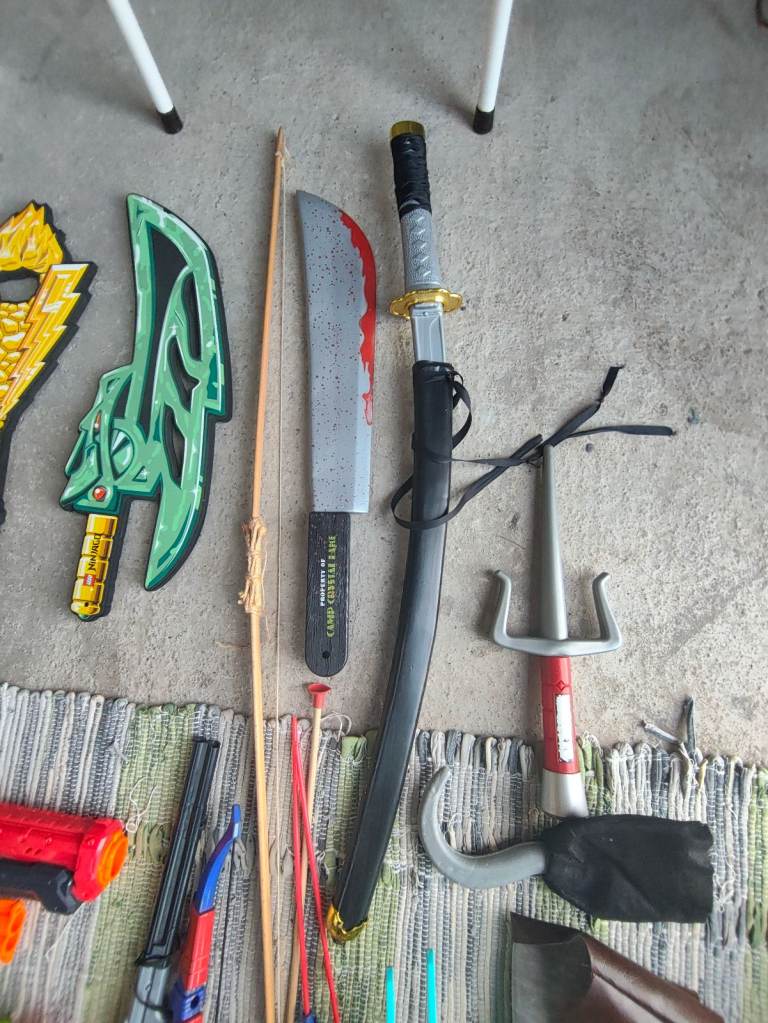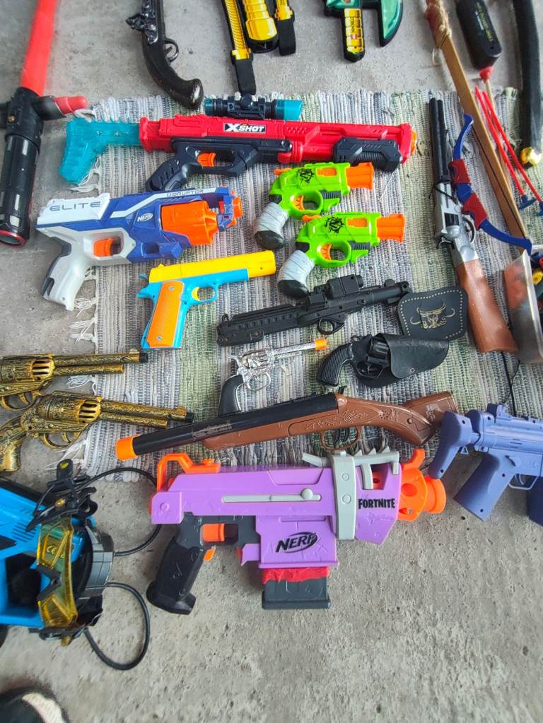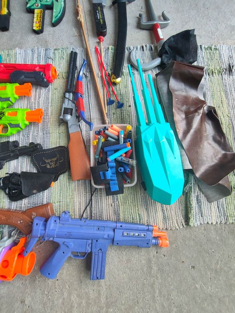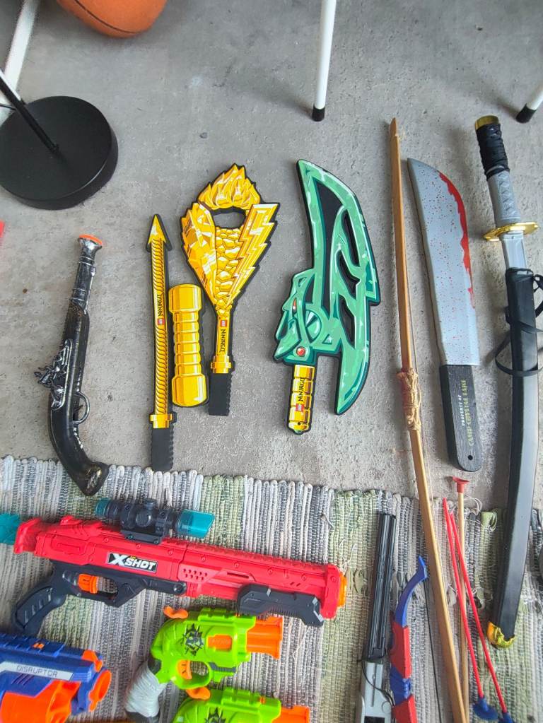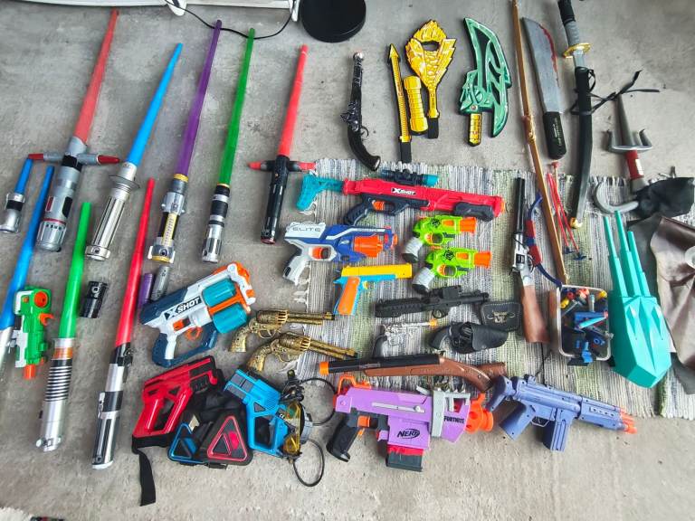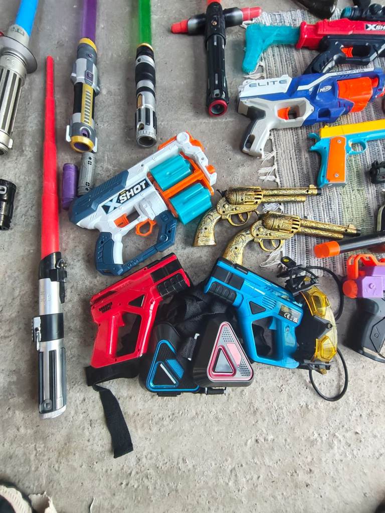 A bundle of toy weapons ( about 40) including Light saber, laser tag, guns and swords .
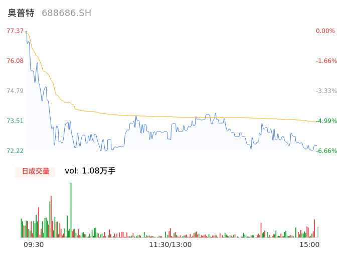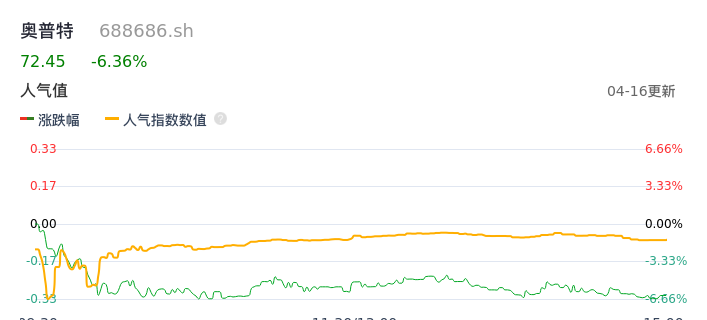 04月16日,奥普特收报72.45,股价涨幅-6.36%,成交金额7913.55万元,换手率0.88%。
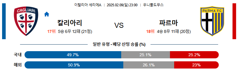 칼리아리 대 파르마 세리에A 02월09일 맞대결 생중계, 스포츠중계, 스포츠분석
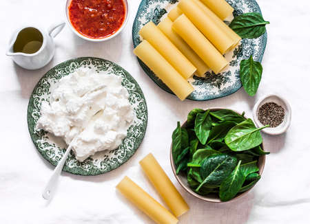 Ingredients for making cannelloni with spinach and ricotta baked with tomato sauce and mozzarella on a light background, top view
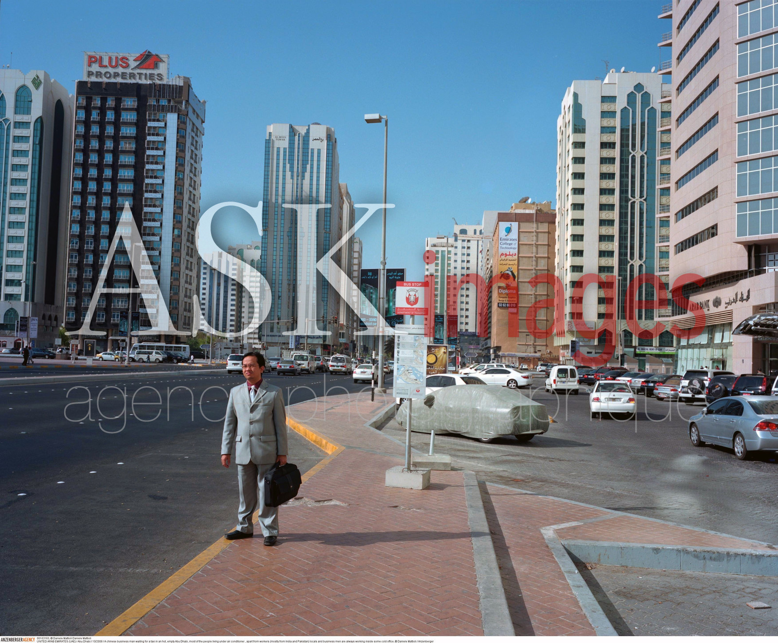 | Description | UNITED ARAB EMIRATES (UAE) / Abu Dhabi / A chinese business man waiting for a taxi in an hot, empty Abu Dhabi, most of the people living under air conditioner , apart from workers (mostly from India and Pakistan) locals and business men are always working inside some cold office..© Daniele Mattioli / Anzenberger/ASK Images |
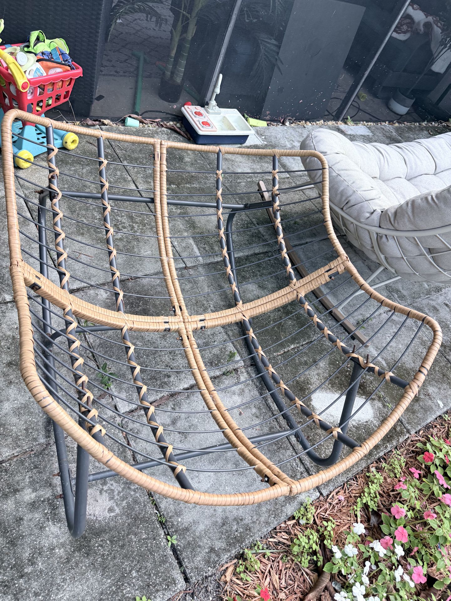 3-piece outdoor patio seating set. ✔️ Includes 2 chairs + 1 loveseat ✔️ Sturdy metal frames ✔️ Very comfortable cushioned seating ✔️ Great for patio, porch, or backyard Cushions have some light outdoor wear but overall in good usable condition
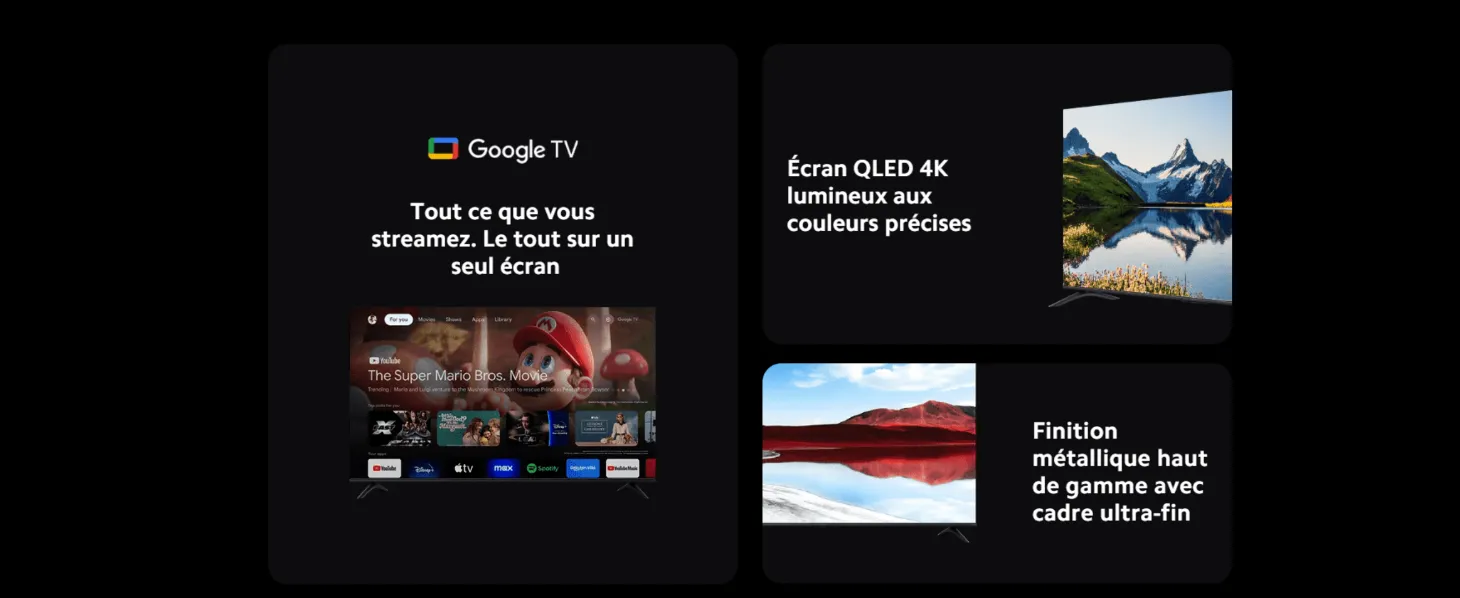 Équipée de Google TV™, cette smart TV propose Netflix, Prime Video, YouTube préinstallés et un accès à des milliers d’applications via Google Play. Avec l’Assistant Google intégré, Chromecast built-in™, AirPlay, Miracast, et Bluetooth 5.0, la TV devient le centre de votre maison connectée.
━━━━━━━━━━━━━━━━
INSTRUCTIONS TO FOLLOW
With the pictures excluded, transcribe word for word only the lines from the one containing "칼리아리 대 파르마 세리에A 02월09일 맞대결 생중계, 스포츠중계, 스포츠분석" through the last line of the records.

PROBLEM SOLUTION
 칼리아리 대 파르마 세리에A 02월09일 맞대결 생중계, 스포츠중계, 스포츠분석
 Ingredients for making cannelloni with spinach and ricotta baked with tomato sauce and mozzarella on a light background, top view
 | Description | UNITED ARAB EMIRATES (UAE) / Abu Dhabi / A chinese business man waiting for a taxi in an hot, empty Abu Dhabi, most of the people living under air conditioner , apart from workers (mostly from India and Pakistan) locals and business men are always working inside some cold office..© Daniele Mattioli / Anzenberger/ASK Images |
 3-piece outdoor patio seating set. ✔️ Includes 2 chairs + 1 loveseat ✔️ Sturdy metal frames ✔️ Very comfortable cushioned seating ✔️ Great for patio, porch, or backyard Cushions have some light outdoor wear but overall in good usable condition
 Équipée de Google TV™, cette smart TV propose Netflix, Prime Video, YouTube préinstallés et un accès à des milliers d’applications via Google Play. Avec l’Assistant Google intégré, Chromecast built-in™, AirPlay, Miracast, et Bluetooth 5.0, la TV devient le centre de votre maison connectée.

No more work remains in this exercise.